Comparison of cleavage site specificity of gelatinases A and B using collagenous peptides

Abstract

The gelatinases (type IV collagenases) are members of the matrix metalloproteinase family that not only have a high degree of structural homology but are known to be nearly identical in their digestion profile against macromolecular substrates.

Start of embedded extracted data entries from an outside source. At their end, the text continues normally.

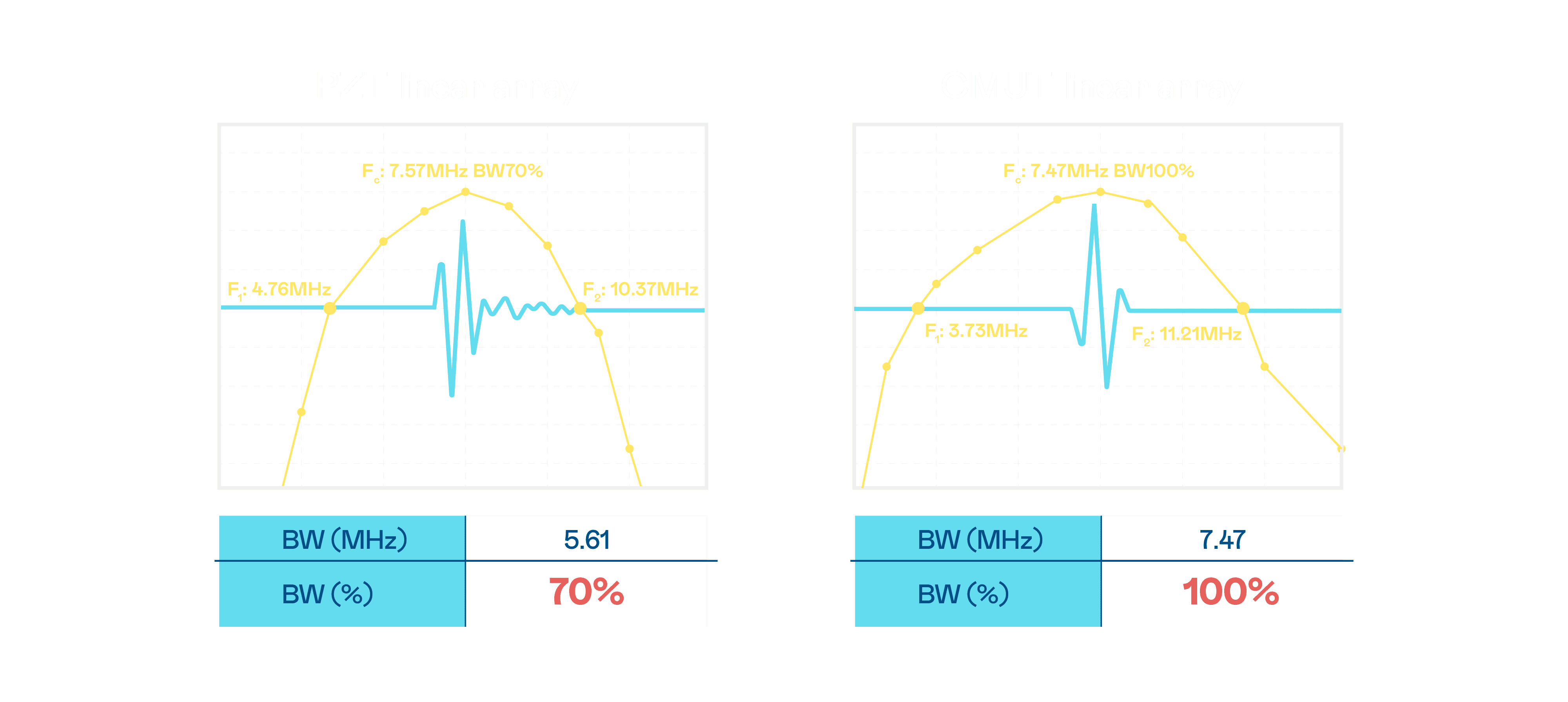 超音波影像的解析度高低,,,,首先取决于探头能发出的讯号频宽。。。。2468BET CMUT 可提供高清晰的超音波讯号,,提供高频宽、、、、高灵敏度、、影像纹理细节更高的超音波影像,,协助医护人员缩短影像判读时间及利用精准的医疗影像进行诊断。。。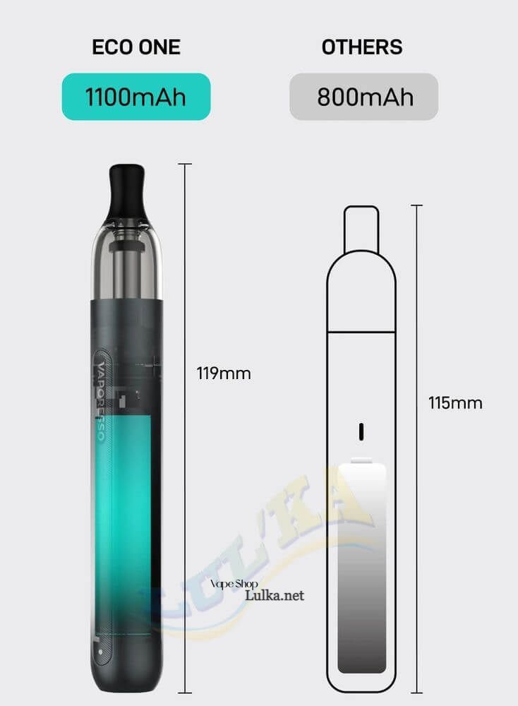 Vaporesso ECO ONE оснащена встроенным аккумулятором емкостью 1100mAh. Он обеспечивает продолжительное использование устройства на протяжении всего дня при умеренном парении. Это означает, что пользователям не нужно беспокоиться о частой подзарядке в течение дня, даже при активном использовании.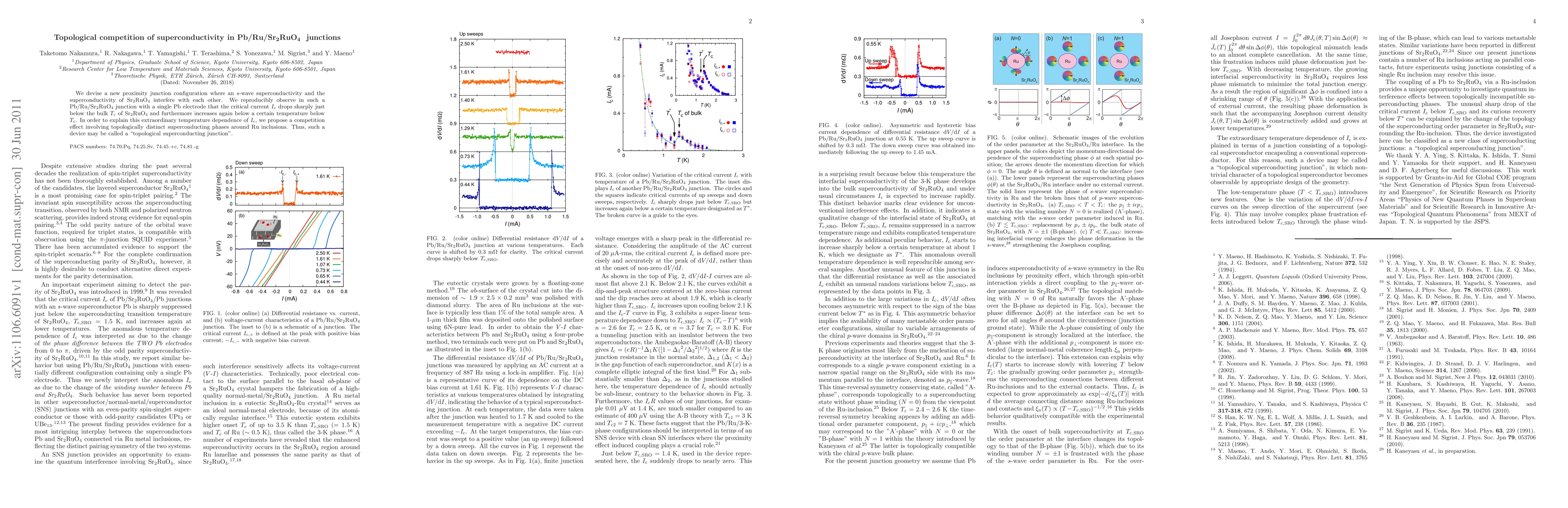 This paper investigates a novel Pb/Ru/Sr2RuO4 junction where s-wave superconductivity from Pb and Sr2RuO4's intrinsic superconductivity interact, leading to a sharp drop and subsequent increase in critical current Ic below Sr2RuO4's bulk Tc. The observed behavior is attributed to a competition effect among topologically distinct superconducting phases around Ru inclusions.

We have shown previously that the preferred cleavage sites in the hydrolysis of type I gelatine, catalyzed by gelatinase A (72 kDa type IV collagenase), are bracketed by hydroxyproline in the P5 and P5′ positions. In this report, a kinetic investigation using a series of collagenous dodecylpeptides in which the P5 and P5′ hydroxyprolines were systematically varied and used as substrates for recombinant human gelatinase A, we show that replacement with either proline or alanine always resulted in increased K m. In contrast, substitution of the hydroxylated amino acids tyrosine and serine at P5 and P5′ reduced the K m significantly, indicating that the hydroxyl moiety of the hydroxyproline is the functional group responsible for favorable enzyme-substrate affinity. This was shown by the K cat/ K m ratio, which was doubled by the substitution of serine in that site. Cleavage of the same series of dodecylpeptides by recombinant human gelatinase B (92 kDa type IV collagenase) showed a very different kinetic profile for which no patterns were discernible. In subsequent comparisons of the two enzymes, it was found that gelatinase B cleaved the thiopeptolide substrate AcProLeuGly-S-LeuGly-OC 2H 5 at double the velocity of gelatinase A. In contrast, gelatinase A digested type I gelatin about 2.5-times faster than gelatinase B. SDS-PAGE analysis of gelatin cleavage products showed different patterns of product peptides for each enzyme. Further comparisons of the proteinases using synthetic peptide substrates with variations in size and in substituents at the P2′ site again showed marked kinetic differences. Although these two matrix metalloproteinases seem similar in that they are both gelatinolytic and can degrade a nearly identical battery of macromolecular matrix components including type IV collagen, it is clear from these results that they are very different enzymatically. Since the regulatory portions of gelatinases A and B differ markedly, it has been assumed that the enzymes serve the same function, but respond to different stimuli. The differences in substrate specificity described herein suggest that their proposed physiological roles may require reevaluation.